April 19, 202610 min readTools

ConvertKit Pricing (2026): Plans, Costs, and Is It Worth It?

ConvertKit (now Kit) offers a free plan for up to 10,000 subscribers, a Creator plan starting at $39/mo, and Creator Pro at $79/mo. This guide breaks down every plan, what you get, and whether it's worth it after the 2025 price hike.

Kit ConvertKit pricing plans page

Kit (formerly ConvertKit) offers a free plan for up to 10,000 subscribers, a Creator plan starting at $39/mo, and a Creator Pro plan starting at $79/mo — but prices jumped roughly 35% in September 2025, making value-for-money a real question for budget-conscious founders.

Kit is an email marketing platform built specifically for content creators: bloggers, course sellers, podcasters, and newsletter operators. Plans scale by subscriber count, not by email sends, so you never pay for the number of messages you send.

This guide breaks down every plan, what you actually get, and whether the pricing holds up against alternatives like MailerLite, beehiiv, and Flodesk.

Key Takeaways

  • Verdict: Kit is the strongest creator-focused email platform, but the September 2025 price hike makes it hard to recommend for budget-sensitive founders
  • Best for: Independent creators, newsletter operators, and digital product sellers
  • Pricing: Free for up to 10,000 subscribers; Creator starts at $39/mo; Pro at $79/mo (monthly billing)
  • Biggest strength: Built-in monetization (digital products, paid newsletters, sponsor network) combined with powerful visual automations
  • Biggest weakness: Paid plan pricing is significantly higher than most competitors after the 2025 increase

What Is Kit (ConvertKit)?

Kit ConvertKit pricing plans page

Kit (formerly ConvertKit) is an email marketing platform founded in 2013 by Nathan Barry. It has grown to over 63,000 customers and is designed around one core audience: online creators who want to build, grow, and monetize an email list.

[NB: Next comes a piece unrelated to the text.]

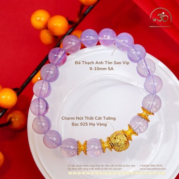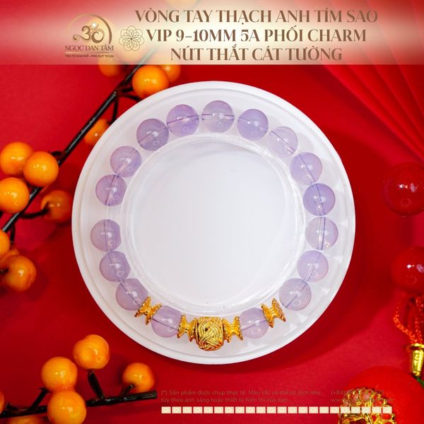Vòng Tay Thạch Anh Tím Sao Vip 9-10mm 5A Phối Charm Nút Thắt Cát Tường

Unlike general-purpose tools like Mailchimp, Kit is narrowly focused. It gives you landing pages, opt-in forms, email sequences, visual automation workflows, and built-in commerce tools to sell digital products and paid newsletter subscriptions, all in one place.

The platform rebranded from ConvertKit to Kit in October 2024. That rebrand also brought a more generous free plan: up to 10,000 subscribers for $0. The paid tiers are Creator and Pro, which increase in price as your subscriber count grows.

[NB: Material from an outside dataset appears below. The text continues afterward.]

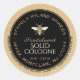 This apiary product label is fully editable. Personalize with your apiary name, location, product description and container size. Black circle on a kraft background and brown text. Heraldic honey bee illustration is a vintage medieval design.
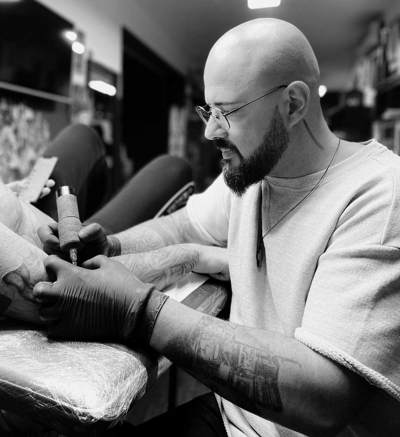 Geboren am 5. Oktober 1984 in Griechenland und im Jahr 1990 nach Deutschland (Wendlingen) ausgewandert, war meine Kindheit bis zum zwölften Lebensjahr von Abenteuern und Entdeckungen geprägt. Als junger Streuner fand ich meine Leidenschaft für das Malen und Zeichnen erst mit 13 Jahren, als ich mich in Graffitikunst im Straßen- und Jugendhausstil versuchte. Doch der entscheidende Wendepunkt kam erst 1996 bei einem Hip-Hop-Jam im Wendlinger Jugendhaus, bei dem mich einige Künstler inspirierten, mich intensiver mit Kunst auseinanderzusetzen.Obwohl ich mich nicht als talentierten Maler bezeichnen würde, bereitete mir das Malen stets Freude, und im Laufe der Jahre habe ich immer wieder gezeichnet und gemalt. Als Feiern, Frauen, Ausbildung und Karriere in den Mittelpunkt meines Lebens rückten, geriet meine künstlerische Leidenschaft für einige Jahre in den Hintergrund. Rückblickend betrachte ich diese Zeit heute nicht mehr als "verlorene Jahre", denn sie haben dazu beigetragen, mich zu dem Menschen zu formen, der ich heute bin.Mit 26 Jahren brachte mich eine Freundin zurück zur Kunst des Zeichnens. Ohne sie wäre ich vielleicht immer noch ein Streuner, der nie in den Genuss eines Tattoos gekommen wäre. Nachdem ich zwei Jahre lang verschiedene Tattoo-Studios durchlaufen hatte, bot sich schließlich die Gelegenheit, meinen eigenen Weg zu gehen. Ohne jegliche Erfahrung entschied ich mich dazu, sämtliche verfügbaren finanziellen Mittel zusammenzukratzen, selbst wenn es bedeutete, das Geld zu verwenden, das eigentlich für meine Hochzeit vorgesehen war. Zu diesem Zeitpunkt wusste mein Vater bereits, dass er eine Hochzeit von mir nicht mehr erleben würde.Daher gebührt mein größter Dank meinem Vater, der am 28. Februar 2017 verstorben ist.

Kit Pricing: All Plans Explained

Newsletter Plan (Free)

The free plan is one of the most generous in the email marketing space. You get up to 10,000 subscribers with unlimited email sends, unlimited landing pages, and unlimited forms, at no cost. It includes one basic visual automation and one sequence.

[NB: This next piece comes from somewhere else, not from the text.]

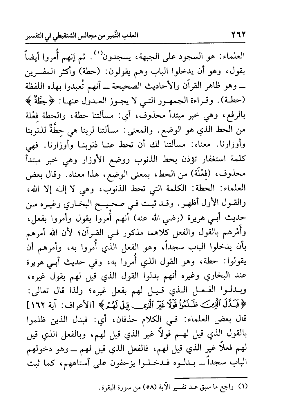 العلماء: هو السجود على الجَبْهَة، يسجدون (¬1). ثم إنهم أُمروا أيضًا بقول، وهو أن يدخلوا الباب وهم يقولون: (حطة) وأكثر المفسرين -وهو ظاهر القرآن والأحاديث الصحيحة- أنهم تُعبدوا بهذه اللفظة (حطة). وقراءة الجمهور التي لا يجوز العدول عنها: {حِطَّةٌ} بالرفع، وهي خبر مبتدأ محذوف، أي: مسألتنا حطة، والحطة فِعْلة من الحط الذي هو الوضع. والمعنى: مسألتنا لربنا هي حِطَّةٌ لذنوبنا وأوزارنا. معناه: مسألتنا لك أن تحط عنا ذنوبنا وأوزارنا، فهي كلمة استغفار تُؤْذِنُ بِحَطِّ الذنوب ووضع الأوزار، وهي خَبَر مبتدأ محذوف، (فِعْلَة) من الحط، بمعنى الوضع، هذا معناه. وقال بعض العلماء: الحطة: الكلمة التي تحط الذنوب، وهي لا إله إلا الله، والقول الأول أظهر.

The trade-offs: Kit branding appears on your emails, you're limited to one user account, you get basic analytics only, and A/B testing is unavailable. Support is email-only. For founders testing email marketing or early-stage creators building their first list, it's a strong starting point.

Creator Plan

The Creator plan is Kit's core paid offering, aimed at creators ready to remove limitations and scale.

Prices scale by subscriber count:

  • Up to 1,000 subscribers: $39/mo (or $33/mo billed annually at $390/yr)
  • Up to 3,000 subscribers: $59/mo ($50/mo annually)
  • Up to 5,000 subscribers: $89/mo ($75/mo annually)
  • Up to 10,000 subscribers: $139/mo ($116/mo annually)
  • Up to 25,000 subscribers: $199/mo ($166/mo annually)
  • Up to 55,000 subscribers: $379/mo ($316/mo annually)
  • Up to 105,000 subscribers: $679/mo ($565/mo annually)

Annual plans save roughly 16% (two months free). The Creator plan adds unlimited visual automations, unlimited email sequences, integrations with 100+ apps, A/B testing for subject lines, RSS campaigns, and 24/7 email and chat support. Kit branding is removed.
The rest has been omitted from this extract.